## YOUR INSTRUCTIONS
Reproduce the opening lines of the listing below exactly, stopping after the line that contains "Болт без покрытия 6х40 мм ГОСТ 7798, 10 шт." and leaving out any pictures.

*** Opening RAW DATA ***

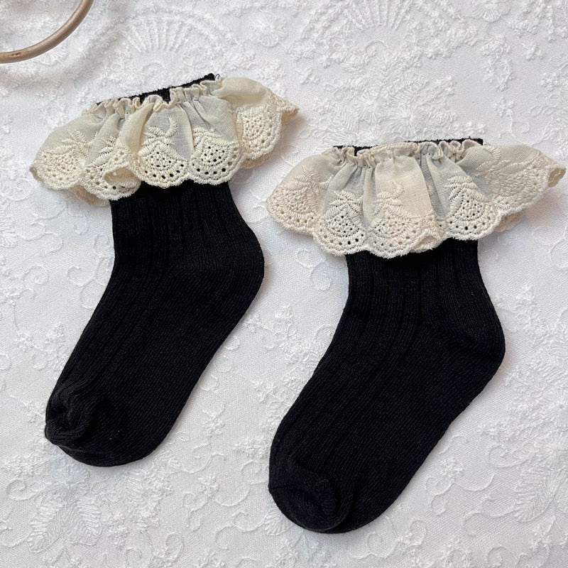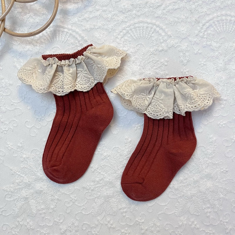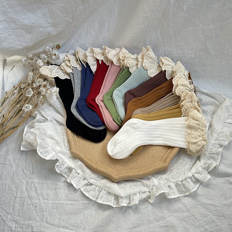 Children's socks with lace are extremely cute for babies, making funny socks to help them become more lovely and pretty. With 100% Cotton material, that means you can use it for your baby at any time of spring, summer, autumn, and winter.
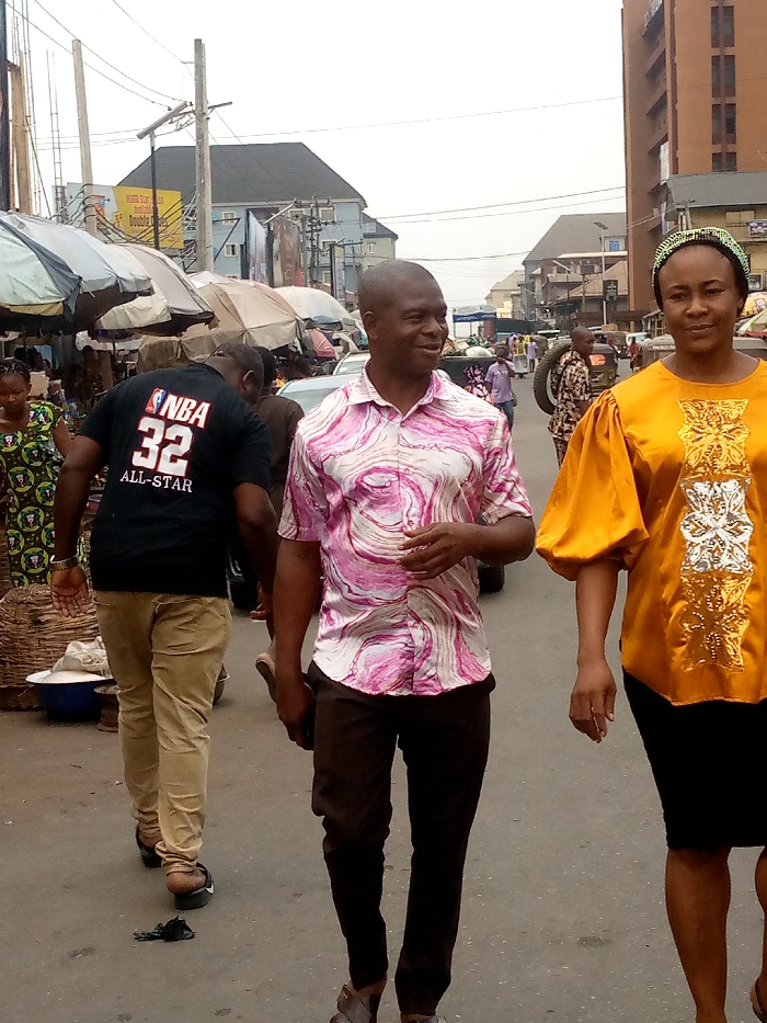 The image depicts a bustling street market scene in Aba, Nigeria, under an overcast sky
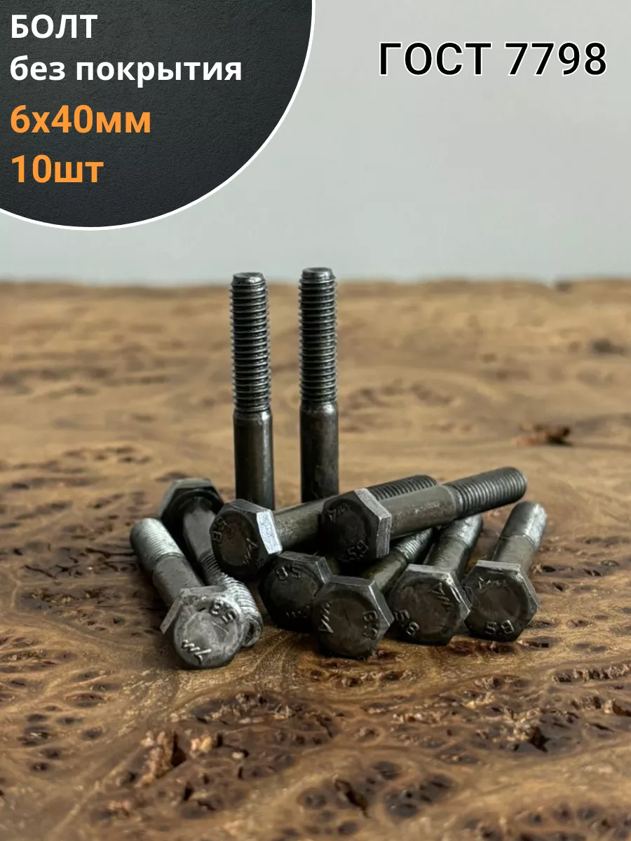 Болт без покрытия 6х40 мм ГОСТ 7798, 10 шт.
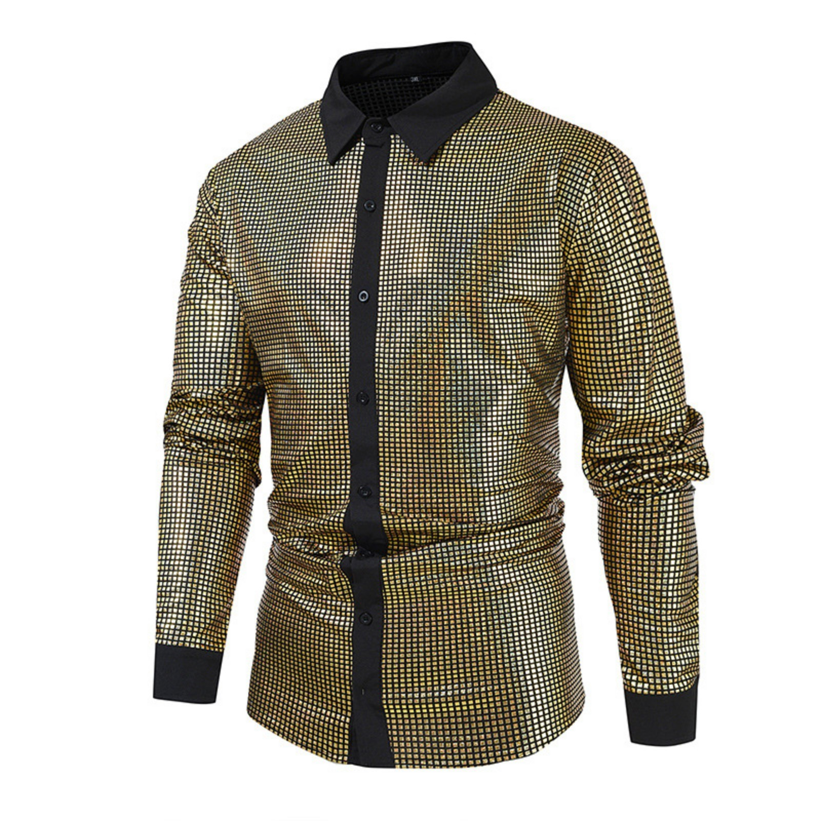 Hero image 0 of YLSDY 70s Disco Shirt for Men Metallic Sequins Party Costumes Long Sleeve Button Down Shirts Vintage Outfits Nightclub Tops Yellow XXL, 0 of 8

*** Closing RAW DATA ***

## SOLUTION TO THE PROBLEM
 Children's socks with lace are extremely cute for babies, making funny socks to help them become more lovely and pretty. With 100% Cotton material, that means you can use it for your baby at any time of spring, summer, autumn, and winter.
 The image depicts a bustling street market scene in Aba, Nigeria, under an overcast sky
 Болт без покрытия 6х40 мм ГОСТ 7798, 10 шт.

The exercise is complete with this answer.